# Instructions for the task:
Restate the entries word for word and skip every image.
** Given records follows **
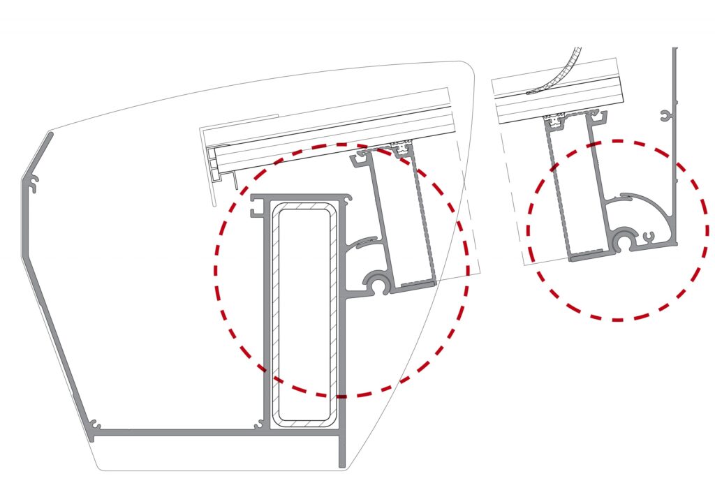 Het scharnierbare muur- en gootprofiel zorgen voor een flexibele dakhelling van 5 tot 15 graden. Dit is een van de voordelen ten opzichte van vergelijkbare modellen van andere aanbieders.
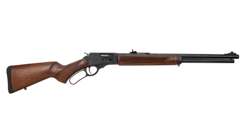 Construída com receptáculo em aço e coronha em madeira de boa densidade, a Rio Grande privilegia rigidez estrutural e conforto de empunhadura. O cano de 20 polegadas e o comprimento total de 968 mm propiciam estabilidade no disparo e ajudam a controlar o recuo do calibre .357 Magnum.
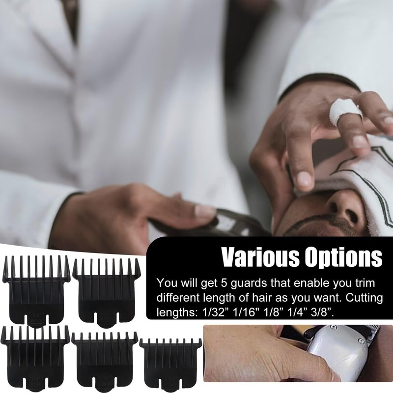 Bedaily Replacement Trimmer Guards for Andis T Outliner, From 1/32-3/8 inch Snap-on Blade Attachment Combs Set, 5 Pack
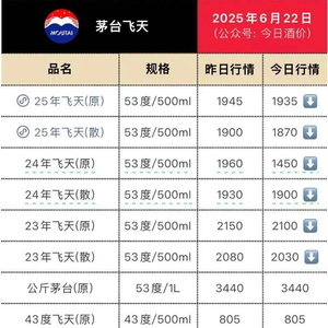 6月22日,“今日酒价”公众号披露的批发参考价显示,25年飞天茅台(53度/500ml,下同)原箱报1935元/瓶,较上一日下跌10元,散瓶价1870元/瓶,较上一日下跌30元; 24年飞天茅台原箱报1450(记者注,或应是1950)元/瓶,较上一日下跌510(10)元,散瓶价1900元/瓶,较上一日下跌30元;23年飞天茅台原箱报2100元/瓶,较上一日下跌50元,散瓶价2030元/瓶,较上一日下跌50元。
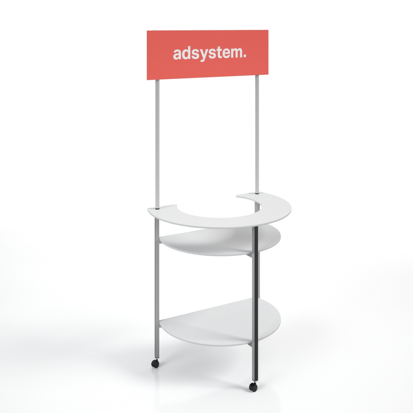 adBox Hit C é um balcão promocional moderno com design de tampo duplo, separando a área de trabalho da zona de degustação. Perfeito para ações promocionais em lojas, garante total conforto no uso.
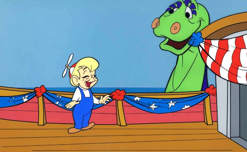The helicopter beanie comes from the 1962 animated television show Beany and Cecil, based on the puppet show Time For Beany (1949-1955). Beany was a cherubic-faced blonde boy who wore a cap with a propeller on it that allowed him to fly, and as a result, similar caps became popular marketing novelties. Beany and Cecil had a revival in 1988, The New Adventures of Beany and Cecil, by the same people who made Ren and Stimpy.
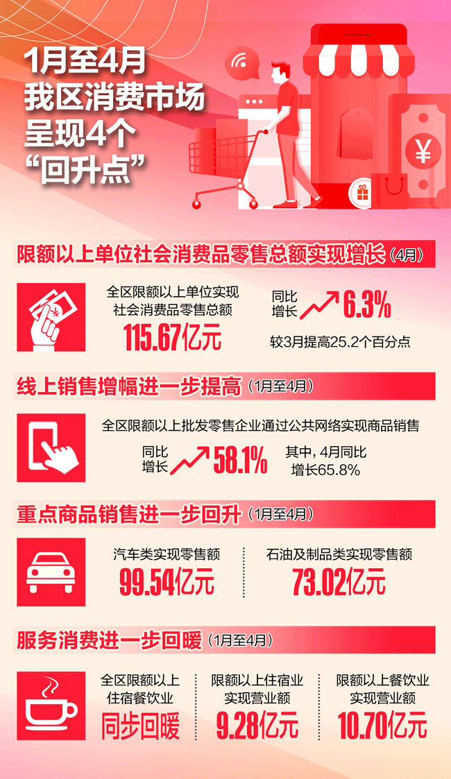 比如積極組織促銷活動(dòng),通過依托重點(diǎn)地州、商圈、大型商貿(mào)流通企業(yè)、商協(xié)會(huì)在全區(qū)打造餐飲、家電、商超等系列多形式、多種類主題的促消費(fèi)活動(dòng)提振信心。引導(dǎo)各地結(jié)合實(shí)際發(fā)放消費(fèi)券的同時(shí),動(dòng)員中國銀聯(lián)等金融機(jī)構(gòu),蘇寧、海爾、美團(tuán)等重點(diǎn)企業(yè)讓利,激發(fā)消費(fèi)需求,促進(jìn)消費(fèi)潛力釋放。
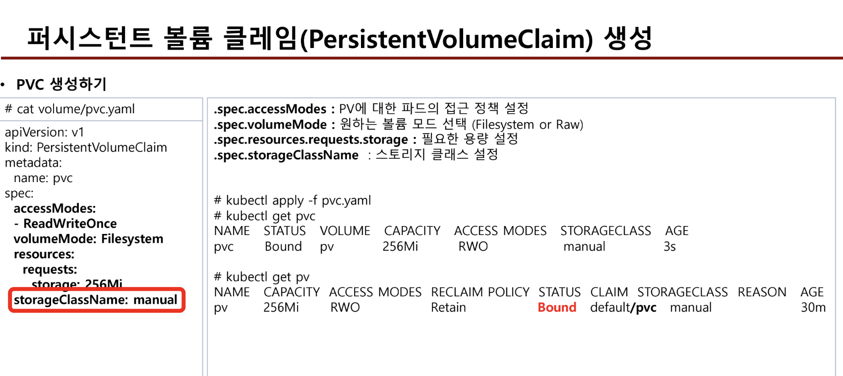 - manual은 sc를 사용하지 않고, 수동으로 pv를 생성하겠다는 의미이다.
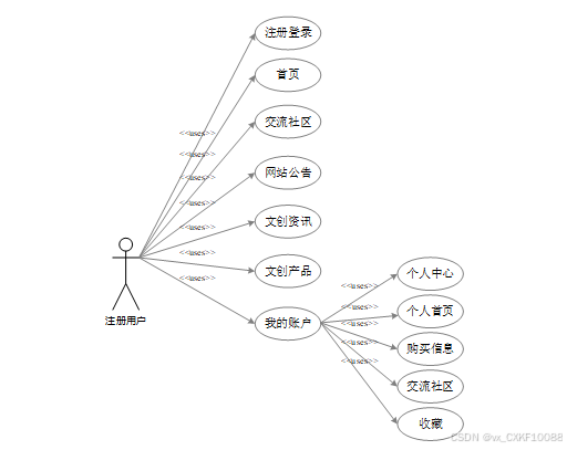 注册用户可以通过系统首页进行全网搜索、浏览导航栏和轮播图,获取最新文创资讯。用户可以在交流社区查看和发布帖子,参与讨论并点赞、收藏和评论感兴趣的帖子。系统提供详细的文创资讯和热门列表,支持筛选和排序功能,用户可以对喜欢的内容进行互动。文创产品页面展示各类产品的详细信息,用户可以根据省份、名称等条件搜索并购买心仪的产品,完成支付流程。个人中心允许用户管理自己的资料、密码、头像等信息,并查看购买记录和个人收藏。通过这些功能,系统为注册用户提供了一个便捷、丰富的文创交流和购物平台。详细用例图如图3-1所示。
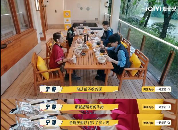 繁花团聊天处处出爆梗让人胆战心惊,对比之下,他们的旅行日常则显得温馨许多。这一季的刘晓庆被宠成“团宠小公主”,哪怕经费紧张,刘嘉玲也主动提议:“把伙食费省出来,给晓庆吃肉”;早餐时大家默契为她留好专属肉菜,看着晓庆姐大快朵颐的模样,不禁想到网友们宠溺的调侃:70几岁正是长身体的年纪啊!而被观众点评“从魔丸变灵珠”的宁静也在旅程中逐渐袒露内心,她坦言:“和以前参加的旅行真人秀,心情是不一样的。你碰到的人是什么样的,你就会有什么样的反应。”从在别的旅行综艺中“装合群”,到如今主动照顾姐姐、调节气氛,她坦诚表达:“在这群姐姐身上,我学到了很多说不清道不明的东西。”
** End of Given records **
# Response to the task:
 Het scharnierbare muur- en gootprofiel zorgen voor een flexibele dakhelling van 5 tot 15 graden. Dit is een van de voordelen ten opzichte van vergelijkbare modellen van andere aanbieders.
 Construída com receptáculo em aço e coronha em madeira de boa densidade, a Rio Grande privilegia rigidez estrutural e conforto de empunhadura. O cano de 20 polegadas e o comprimento total de 968 mm propiciam estabilidade no disparo e ajudam a controlar o recuo do calibre .357 Magnum.
 Bedaily Replacement Trimmer Guards for Andis T Outliner, From 1/32-3/8 inch Snap-on Blade Attachment Combs Set, 5 Pack
 6月22日,“今日酒价”公众号披露的批发参考价显示,25年飞天茅台(53度/500ml,下同)原箱报1935元/瓶,较上一日下跌10元,散瓶价1870元/瓶,较上一日下跌30元; 24年飞天茅台原箱报1450(记者注,或应是1950)元/瓶,较上一日下跌510(10)元,散瓶价1900元/瓶,较上一日下跌30元;23年飞天茅台原箱报2100元/瓶,较上一日下跌50元,散瓶价2030元/瓶,较上一日下跌50元。
 adBox Hit C é um balcão promocional moderno com design de tampo duplo, separando a área de trabalho da zona de degustação. Perfeito para ações promocionais em lojas, garante total conforto no uso.
The helicopter beanie comes from the 1962 animated television show Beany and Cecil, based on the puppet show Time For Beany (1949-1955). Beany was a cherubic-faced blonde boy who wore a cap with a propeller on it that allowed him to fly, and as a result, similar caps became popular marketing novelties. Beany and Cecil had a revival in 1988, The New Adventures of Beany and Cecil, by the same people who made Ren and Stimpy.
 比如積極組織促銷活動(dòng),通過依托重點(diǎn)地州、商圈、大型商貿(mào)流通企業(yè)、商協(xié)會(huì)在全區(qū)打造餐飲、家電、商超等系列多形式、多種類主題的促消費(fèi)活動(dòng)提振信心。引導(dǎo)各地結(jié)合實(shí)際發(fā)放消費(fèi)券的同時(shí),動(dòng)員中國銀聯(lián)等金融機(jī)構(gòu),蘇寧、海爾、美團(tuán)等重點(diǎn)企業(yè)讓利,激發(fā)消費(fèi)需求,促進(jìn)消費(fèi)潛力釋放。
 - manual은 sc를 사용하지 않고, 수동으로 pv를 생성하겠다는 의미이다.
 注册用户可以通过系统首页进行全网搜索、浏览导航栏和轮播图,获取最新文创资讯。用户可以在交流社区查看和发布帖子,参与讨论并点赞、收藏和评论感兴趣的帖子。系统提供详细的文创资讯和热门列表,支持筛选和排序功能,用户可以对喜欢的内容进行互动。文创产品页面展示各类产品的详细信息,用户可以根据省份、名称等条件搜索并购买心仪的产品,完成支付流程。个人中心允许用户管理自己的资料、密码、头像等信息,并查看购买记录和个人收藏。通过这些功能,系统为注册用户提供了一个便捷、丰富的文创交流和购物平台。详细用例图如图3-1所示。
 繁花团聊天处处出爆梗让人胆战心惊,对比之下,他们的旅行日常则显得温馨许多。这一季的刘晓庆被宠成“团宠小公主”,哪怕经费紧张,刘嘉玲也主动提议:“把伙食费省出来,给晓庆吃肉”;早餐时大家默契为她留好专属肉菜,看着晓庆姐大快朵颐的模样,不禁想到网友们宠溺的调侃:70几岁正是长身体的年纪啊!而被观众点评“从魔丸变灵珠”的宁静也在旅程中逐渐袒露内心,她坦言:“和以前参加的旅行真人秀,心情是不一样的。你碰到的人是什么样的,你就会有什么样的反应。”从在别的旅行综艺中“装合群”,到如今主动照顾姐姐、调节气氛,她坦诚表达:“在这群姐姐身上,我学到了很多说不清道不明的东西。”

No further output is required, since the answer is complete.